**Instructions to follow**
Return a faithful copy of all the entries, omitting the images.
----
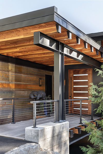 Visitors who make the easy lower-level transition from indoors to outdoors can turn and see that low-maintenance exterior: a mixed blend stone veneer, corten steel that naturally patinas over time, corrugated metal and exposed glulam structure with mixed-grain structural hemlock ceiling.
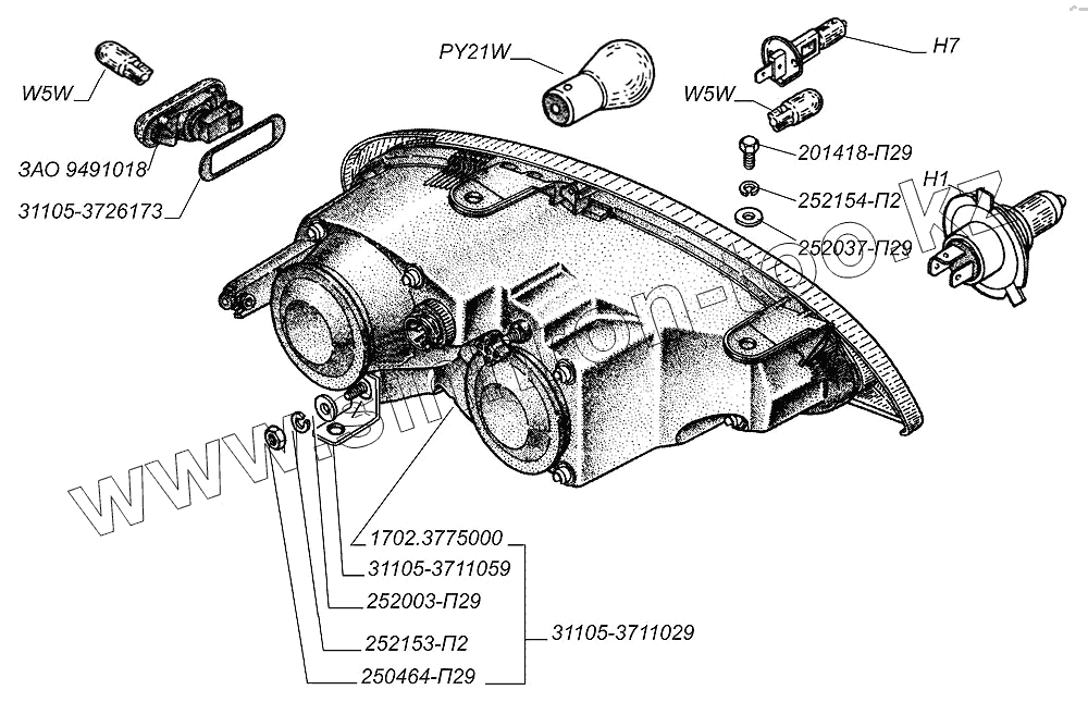 Каталог запасных частей к технике: ГАЗ-31105. Фары, боковой указатель поворота
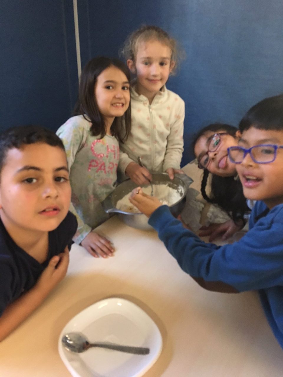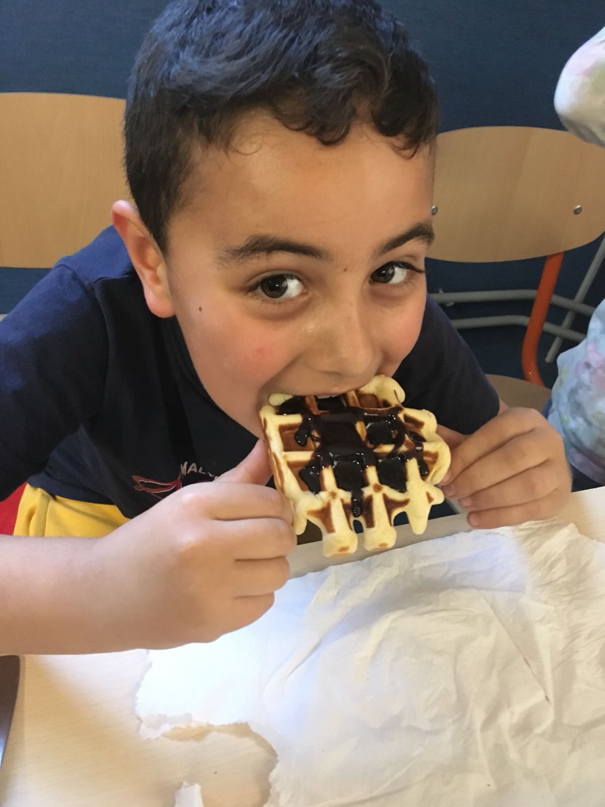 Con el taller de cocina de la tarde sabemos que tenemos éxito garantizado…pero hay que sobrevivir a él. Este año nos hemos atrevido a preparar gofres, el famoso postre belga. El comedor del cole se llena hasta los topes, hay que preparar la masa y un montón de niños esperan impacientes.
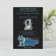 The design is mostly White Indigo Denim Blue for this Fantasy Fairy Tale Medieval Castle and KNIGHT in SHINING ARMOUR kneeling with his SWORD and Medieval CASTLE STAIR WAY Wedding Invitation.
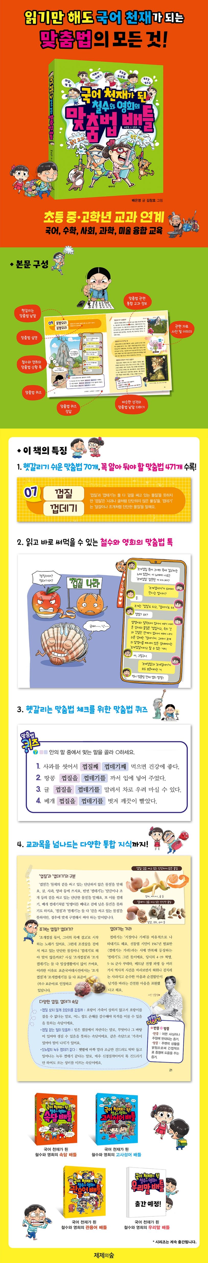 ⟪국어 천재가 된 철수와 영희의 맞춤법 배틀⟫은 누구라도 쓰는 톡으로 재치 있으면서도 흔히 볼 수 있는 일상 속에서 헷갈리기 쉬운 맞춤법 관련 상황을 보여 주고, 그에 따른 꼭 알아 두어야 할 맞춤법 70개를 알려 준다. 더불어 해당 맞춤법과 관련된 전 교과를 총망라하는 통합 지식은 물론, 관련된 교과서 맞춤법 471개를 배울 수 있다. 초등 중ㆍ고학년이라면 누구라도 한 단계 높은 관용어 활용으로 국어 천재로 가는 길이 열릴 것이다.
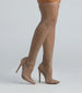 Take your style to new heights in these over-the-knee boots! The faux suede boots feature a pointed toe. a stiletto heel. and closed ankle. and a sheer fishnet overlay with sparkly rhinestone embellishments on a thigh-high shaft with a non-slip grip lining trim. Complete the look in a sexy short dress for a night out or dressy party!
----
**Exercise answer**
 Visitors who make the easy lower-level transition from indoors to outdoors can turn and see that low-maintenance exterior: a mixed blend stone veneer, corten steel that naturally patinas over time, corrugated metal and exposed glulam structure with mixed-grain structural hemlock ceiling.
 Каталог запасных частей к технике: ГАЗ-31105. Фары, боковой указатель поворота
 Con el taller de cocina de la tarde sabemos que tenemos éxito garantizado…pero hay que sobrevivir a él. Este año nos hemos atrevido a preparar gofres, el famoso postre belga. El comedor del cole se llena hasta los topes, hay que preparar la masa y un montón de niños esperan impacientes.
 The design is mostly White Indigo Denim Blue for this Fantasy Fairy Tale Medieval Castle and KNIGHT in SHINING ARMOUR kneeling with his SWORD and Medieval CASTLE STAIR WAY Wedding Invitation.
 ⟪국어 천재가 된 철수와 영희의 맞춤법 배틀⟫은 누구라도 쓰는 톡으로 재치 있으면서도 흔히 볼 수 있는 일상 속에서 헷갈리기 쉬운 맞춤법 관련 상황을 보여 주고, 그에 따른 꼭 알아 두어야 할 맞춤법 70개를 알려 준다. 더불어 해당 맞춤법과 관련된 전 교과를 총망라하는 통합 지식은 물론, 관련된 교과서 맞춤법 471개를 배울 수 있다. 초등 중ㆍ고학년이라면 누구라도 한 단계 높은 관용어 활용으로 국어 천재로 가는 길이 열릴 것이다.
 Take your style to new heights in these over-the-knee boots! The faux suede boots feature a pointed toe. a stiletto heel. and closed ankle. and a sheer fishnet overlay with sparkly rhinestone embellishments on a thigh-high shaft with a non-slip grip lining trim. Complete the look in a sexy short dress for a night out or dressy party!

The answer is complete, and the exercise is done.